A teaching method for AI where the “correct answers” are provided. In supervised learning, the AI is trained on labeled data, learning to associate specific inputs with specific outputs. It's widely used in classification and prediction tasks.

Unsupervised Learning

AI's way of discovering hidden patterns without explicit guidance. Unlike supervised learning, unsupervised learning works with unlabeled data, finding structure and relationships on its own. It's useful for tasks like customer segmentation or anomaly detection.

AI Applications & Specialized Use Cases

Chatbot

AI's conversational interface with humans. Chatbots use NLP to understand and respond to user queries, providing 24/7 customer service, assisting with bookings, or even offering therapy-like interactions.

Computer Vision

Giving machines the power to “see” and understand visual information.

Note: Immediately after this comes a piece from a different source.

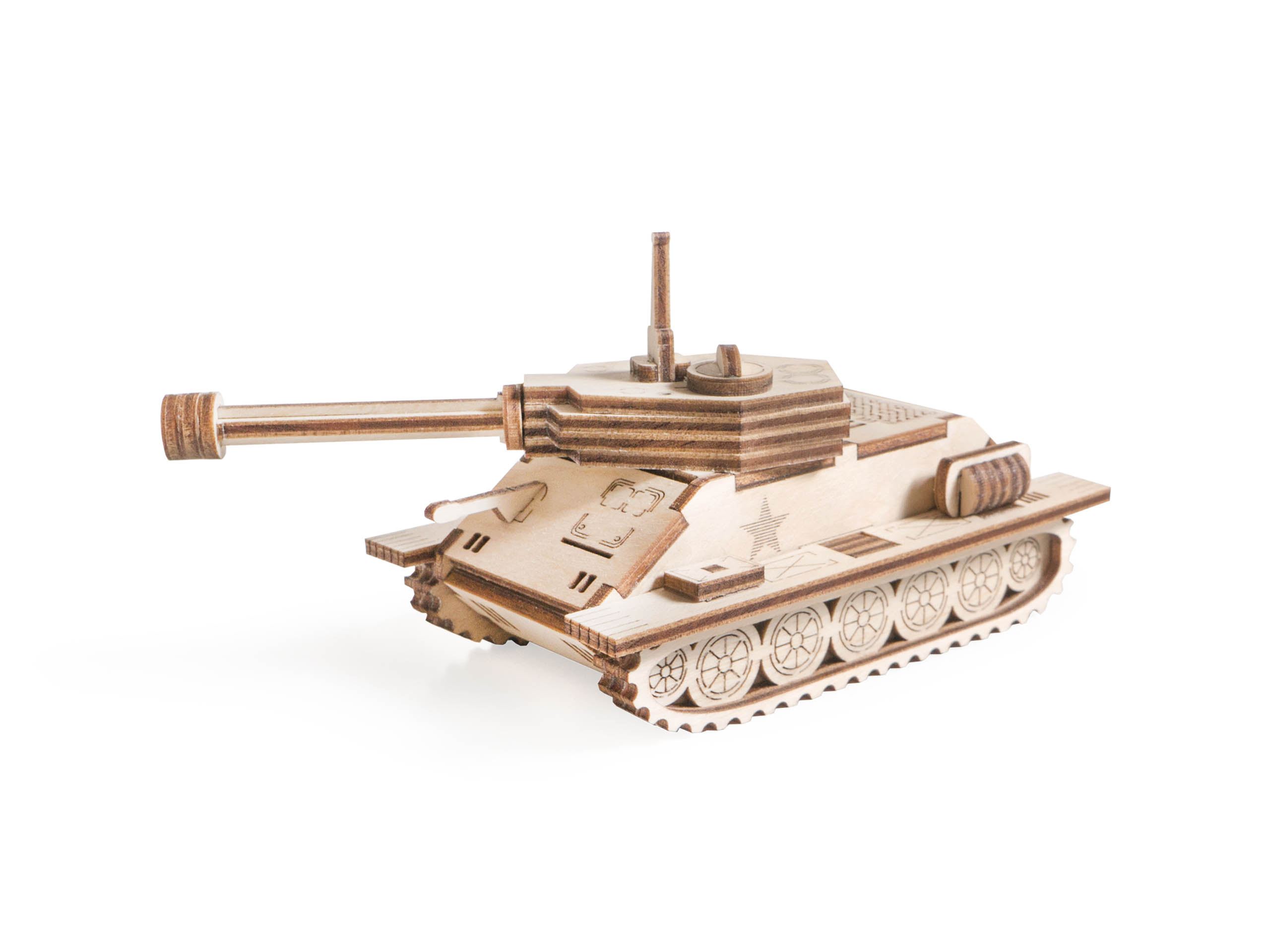 У собранной модели вращается башня и дуло. При желании игрушку можно раскрасить акриловыми красками.

Computer vision enables applications ranging from facial recognition systems to self-driving cars that can interpret their surroundings.

CustomGPT

Tailor-made AI for specific tasks or industries. It's like having a personal AI assistant fine-tuned to your field's jargon and needs. A CustomGPT could be trained on legal documents to assist lawyers or on scientific papers to aid researchers.

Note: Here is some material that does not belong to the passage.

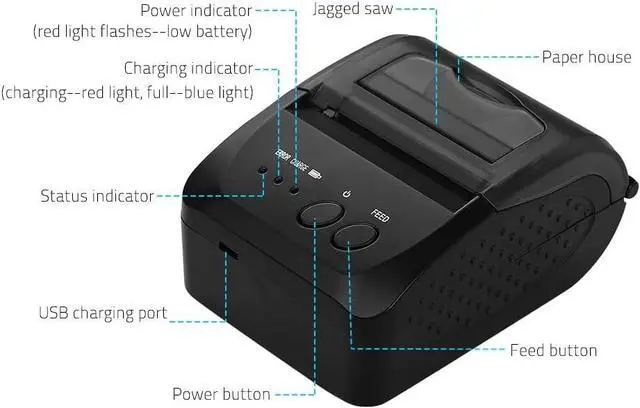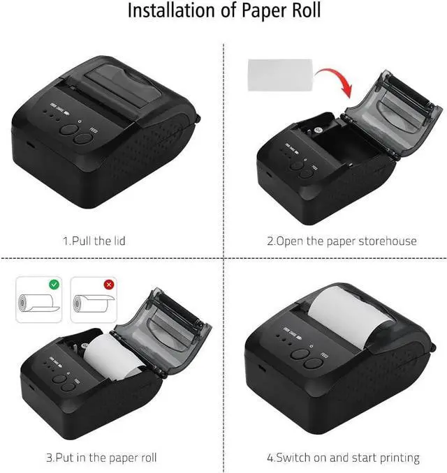 Using 58mm thermal paper and adopting easy structure of paper loading, convenient to install and change the paper roll, also easy to use and maintain.

Natural Language Processing (NLP)

The bridge between human communication and computer understanding. NLP makes possible everything from translation apps to voice-controlled devices. It's a complex field that combines linguistics, computer science, and AI.

Prompt Engineering

The art and science of crafting effective AI instructions. Prompt engineering involves designing and refining the text prompts given to AI models to elicit desired outputs. It's a crucial skill in leveraging the full potential of large language models.

Prompt Injection

A technique to manipulate AI behavior through carefully crafted inputs. Prompt injection involves inserting specific phrases or instructions into a prompt to override or bypass an AI's intended behavior. It can be used benignly to enhance AI capabilities or maliciously to exploit vulnerabilities.

Sentiment Analysis

The AI's emotional intelligence for text. Sentiment analysis uses NLP techniques to determine the emotional tone behind words, helping businesses gauge public opinion about their products or services from online comments and reviews.

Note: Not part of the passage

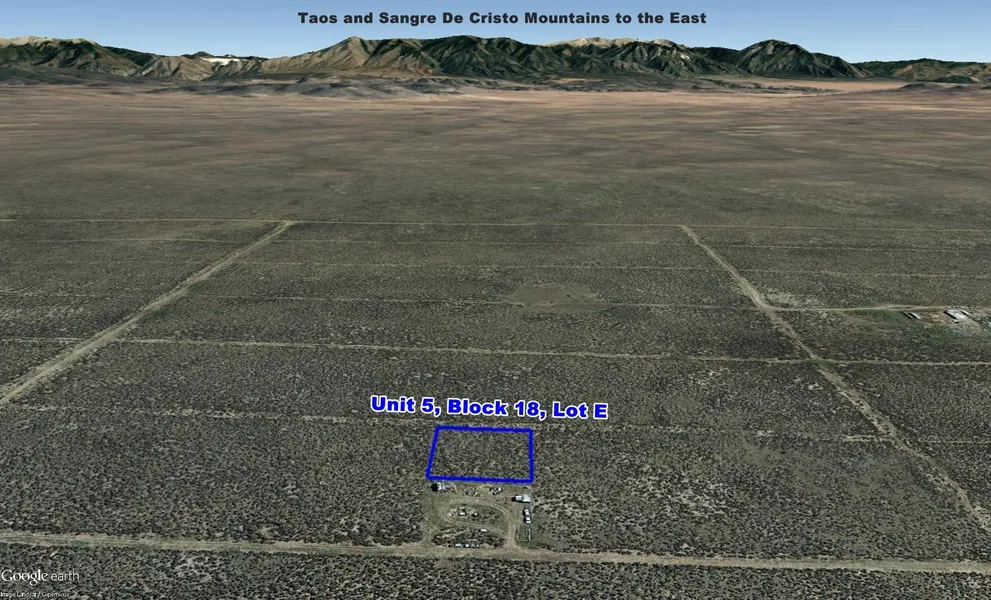 This 0.5 acre property sits in the northern part of Unit 5. It has 127 feet of platted road frontage on its east side and is 172 feet deep. The Tres Piedras Arroyo is a small stream that runs through the area and it is only about 0.47 mile to the west of this property

AI Challenges, Ethics, and Testing

Bias

The unconscious tilt in AI decisions. Just as humans have prejudices, AI can inherit biases from its training data or creators. Recognizing and mitigating these biases is crucial for developing fair and ethical AI systems.

Explainable AI (XAI)

Making the black box of AI decision-making transparent. XAI aims to create AI systems that can explain their reasoning in human-understandable terms. This is crucial for building trust and accountability in AI-driven decisions.

Hallucinations

When AI spins fiction as fact. These convincing but fabricated outputs remind us to always verify AI-generated information. Hallucinations can range from minor inaccuracies to completely imagined scenarios or data.

Overfitting

When AI becomes too specialized in its training data. An overfitted model performs well on familiar data but fails to generalize to new, unseen information. It's like memorizing test answers without understanding the underlying concepts.

Synthetic Data

Artificially generated information mimicking real-world data. Synthetic data is used to train AI models when real data is scarce, sensitive, or difficult to obtain. It helps in preserving privacy and expanding limited datasets.

Turing Test

A classic benchmark for machine intelligence. Proposed by Alan Turing, this test evaluates a machine's ability to exhibit intelligent behavior indistinguishable from a human. While controversial, it remains a thought-provoking concept in AI development.

Underfitting

The opposite of overfitting, where AI fails to capture the underlying patterns. An underfitted model is too simplistic, missing important trends in the data. It's akin to using a linear equation to model a complex, non-linear relationship.